Image: Bia Ventureli
Whatsapp
Facebook
Twitter
Instagram
Telegram

By JOSÉ RAIMUNDO TRINDADE & WESLEY PEREIRA DE OLIVEIRA*

The contradiction between economic and environmental sustainability, visible in the relationship between trade balance surpluses and the advance of deforestation

Over the last forty years, Brazil has become an agro-mineral export center, the country has taken a place in the international division of labor as a major producer of commodities and/or primary products, mainly soy, meat and iron ore. The industrial segment, with some degree of added value, practically disappeared from the domestic product, today represents less than 9% of it.

In this context, the Amazon is relevant on the national scene as a region that exports primary products, with emphasis on products from mineral extraction (mainly iron ore), live cattle and, in the border zone with the Midwest, especially the contiguity area between Mato Grosso and Pará, soy production gains relevance.

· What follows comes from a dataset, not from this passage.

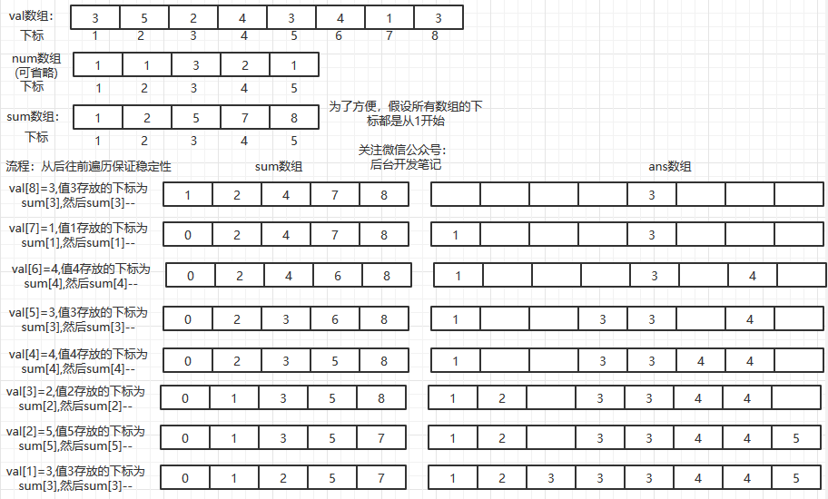 我们利用sum数组来累加每个有序桶的前缀和,来达到桶排序的目的:

The participation of exports from the Amazon region in the national export basket of basic products, considering how much the advance of a pattern of economic reproduction centered on neo-extractivism and primary specialization was nationally consolidated and, on the other hand, the relationship of this economic reality with environmental issues in the region deepen the contradiction between economic and environmental sustainability, clearly visible in the relationship between trade balance surpluses and the advance of deforestation in the Amazon.

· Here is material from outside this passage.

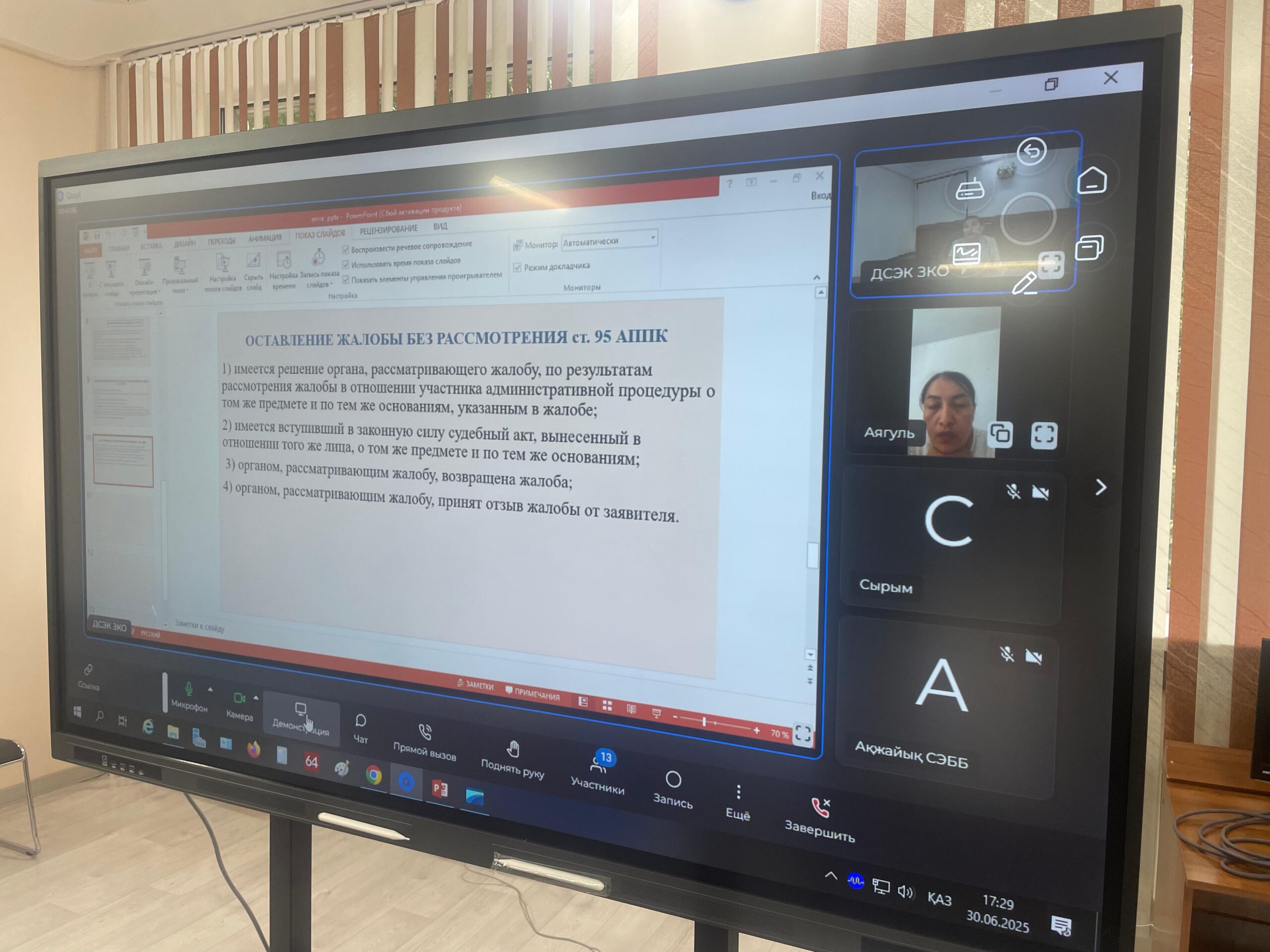 2025 жылдың 30 маусымында Құқықтық қамтамасыз ету бөлімінің басшысы А.С.Баймуханбетова “QOSYL” платформасы арқылы аудандық басқармалар мамандарына Әкімшілік рәсімдік-процесстік кодексінің нормаларын түсіндіру бойынша семинар өткізді.

The analysis of the Brazilian trade balance demonstrates the role that capitalist expansion in the Brazilian Amazon plays for this primary-export pattern that has been imposed since the end of the 1980s, accentuated in the 2000st century. Thus, in just four moments in the period 2021-XNUMX, the Brazilian trade balance was negative, that is, more imports than exports. This surplus performance in most years resulted in a significant inflow of resources into the Brazilian economy, which consolidates the significant balance in the balance of payments of the last two decades and the low national exchange rate risk.

With regard to the composition of Brazilian exports, a very clear behavior of decreasing participation of products from the manufacturing industry has been noticed – considering the grouping of the international reference classification of productive activities (ISIC). If in 2000 the manufacturing industry represented 83% of our export basket, in 2021 it reached 51,3%, which is the lowest percentage observed in the series shown. On the other hand, the extractive industry and agriculture have been gradually increasing their share, corresponding together to more than 48% of all that is exported. The following graph demonstrates this behavior.

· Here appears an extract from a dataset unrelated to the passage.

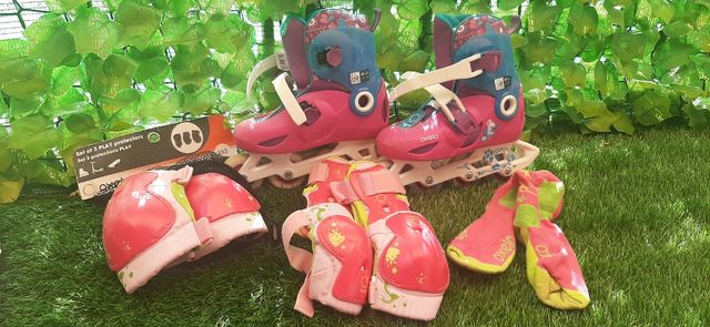 Kit completo de patines del número 30-32, con sus calcetines y protecciones al completo.

graphic 1 – Exports (%) by international reference classification of productive activities (ISIC) – Brazil, 2000-2021
Source: Comex Stat, Ministry of Economy (2022).

Prior to the ISIC classification presented above, foreign trade statistics could be analyzed by aggregate factor, which involved grouping products into two broad categories: basic and industrialized (semi-manufactured and manufactured). It is worth noting that in the context of a reduction in the participation of the manufacturing industry in the export basket and an increase in agriculture, livestock and extractive industries, there is a trend towards regionalization in the production of the latter two, with the Amazon being the site of the most accentuated expansion of exports.

If in 2000, 44% of agricultural and extractive industry exports originated in the Amazon region, in 2021 the percentage reached practically 70%. The graph below shows the percentage share of aggregated exports from the states of the Amazon region in Brazilian exports (Acre, Amapá, Amazonas, Maranhão, Mato Grosso, Pará, Tocantins, Rondônia and Roraima).

graphic 2 – Share (%) of exports from the Amazon in Brazil's export basket by international reference classification of productive activities (ISIC), 2000-2021
Source: Comex Stat, Ministry of Economy (2022).

This movement towards the Amazon has resulted in numerous studies on the impacts of agricultural and mineral expansion in the region, especially regarding the increase in deforestation and the failure to reduce regional inequalities. What we have, then, is a clear displacement of agricultural and mineral production to the Amazon.

This process correlates with three important aspects: (i) deepening of the country's de-industrialization and loss of its own capabilities generated by broader economic development policies; (ii) expansion of regional inequalities and deepening of the Amazon's primary-export logic, with loss of biotic capacities and value aggregation; (iii) it accelerates the negative impacts on the environment, whether due to the extensiveness of deforestation, or the destruction of biomes and loss of the forest's regenerative capacity.

In this way, the “national function” that has been given to the Amazon in recent decades does not prove to be the ideal when thinking about environmentally sustainable and nationally integrated development. The generation of foreign exchange via the trade balance in recent years is based mainly on the sale of basic products, whose surplus logic is centered in the states of the Amazon, mainly Pará and Mato Grosso. Thus, the Amazon is an important exporting region for Brazil, but at an enormous social and environmental cost.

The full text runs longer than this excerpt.